Still, US Dollar bulls have their work cut out to salvage what was lost last week. On the daily chart, look for 103.00 as the first level to watch. Once trading above there, the 200-day Simple Moving Average (SMA) at 103.50 is the next important level to get to. 

To the downside, the pivotal level at 101.70– the low of August 4 and 10 – is vital to hold. Once broken, look for 100.82, which aligns with the bottoms from February and April. Should that level snap, nothing will stand in the way of DXY heading to the sub-100 region. 

US Dollar FAQs

What is the US Dollar?

The US Dollar (USD) is the official currency of the United States of America, and the ‘de facto’ currency of a significant number of other countries where it is found in circulation alongside local notes. It is the most heavily traded currency in the world, accounting for over 88% of all global foreign exchange turnover, or an average of $6.6 trillion in transactions per day, according to data from 2022.
Following the second world war, the USD took over from the British Pound as the world’s reserve currency. For most of its history, the US Dollar was backed by Gold, until the Bretton Woods Agreement in 1971 when the Gold Standard went away.

How do the decisions of the Federal Reserve impact the US Dollar?

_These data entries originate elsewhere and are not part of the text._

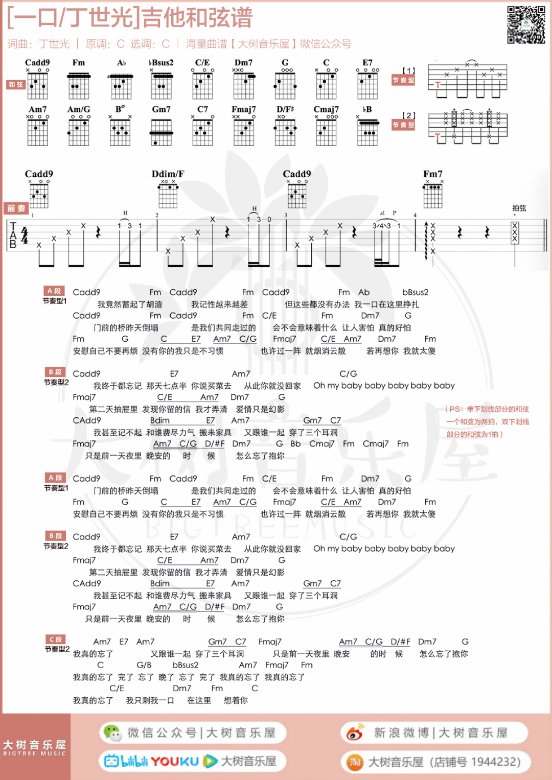 《丁世光《一口吉他谱》(C调)》内容来自于互联网,不能保证内容的准确性与完整性,仅供学习交流欣赏,请勿用于其它用途,内容版权归原作者及来源网站所有,如有侵犯到您的权益请来信告知,我们将及时删除。
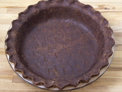 - On a surface lightly dusted with cocoa, roll pie dough into a 14 inch (26 centimetre) circle. Transfer the dough to a 9 inch (23 centimetre) pie dish, and gently press into the dish. Trim overhanging dough so that ½ inch (1 centimetre) remains outside the pie dish. Fold under the overhanging dough and flute the edges (take a look here to see how it’s done). Prick the crust, all over, with a fork.
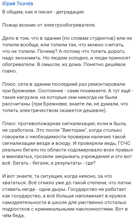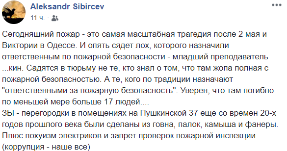 "Сегодняшний пожар - это самая масштабная трагедия после 2 мая и Виктории в Одессе. И опять сядет лох, которого назначили ответственным по пожарной безопасности - младший преподаватель ...кин. Садятся в тюрьму не те, кто знал о том, что там жопа полная с пожарной безопасностью. А те, кого по традиции назначают "ответственными за пожарную безопасность". Уверен, что там погибло по меньшей мере больше 17 людей.... ЗЫ - перегородки в помещениях на Пушкинской 37 еще со времен 20-х годов прошлого века были сделаны из говна, палок, камыша и фанеры. Плюс п...зм электриков и запрет проверок пожарной инспекции (коррупция - наше все)", - пишет в Facebook собкор "Страны", одессит Александр Сибирцев.

The most important single factor impacting on the value of the US Dollar is monetary policy, which is shaped by the Federal Reserve (Fed). The Fed has two mandates: to achieve price stability (control inflation) and foster full employment. Its primary tool to achieve these two goals is by adjusting interest rates.
When prices are rising too quickly and inflation is above the Fed’s 2% target, the Fed will raise rates, which helps the USD value. When inflation falls below 2% or the Unemployment Rate is too high, the Fed may lower interest rates, which weighs on the Greenback.

What is Quantitative Easing and how does it influence the US Dollar?

In extreme situations, the Federal Reserve can also print more Dollars and enact quantitative easing (QE). QE is the process by which the Fed substantially increases the flow of credit in a stuck financial system.
It is a non-standard policy measure used when credit has dried up because banks will not lend to each other (out of the fear of counterparty default). It is a last resort when simply lowering interest rates is unlikely to achieve the necessary result. It was the Fed’s weapon of choice to combat the credit crunch that occurred during the Great Financial Crisis in 2008. It involves the Fed printing more Dollars and using them to buy US government bonds predominantly from financial institutions. QE usually leads to a weaker US Dollar.

What is Quantitative Tightening and how does it influence the US Dollar?

Quantitative tightening (QT) is the reverse process whereby the Federal Reserve stops buying bonds from financial institutions and does not reinvest the principal from the bonds it holds maturing in new purchases. It is usually positive for the US Dollar.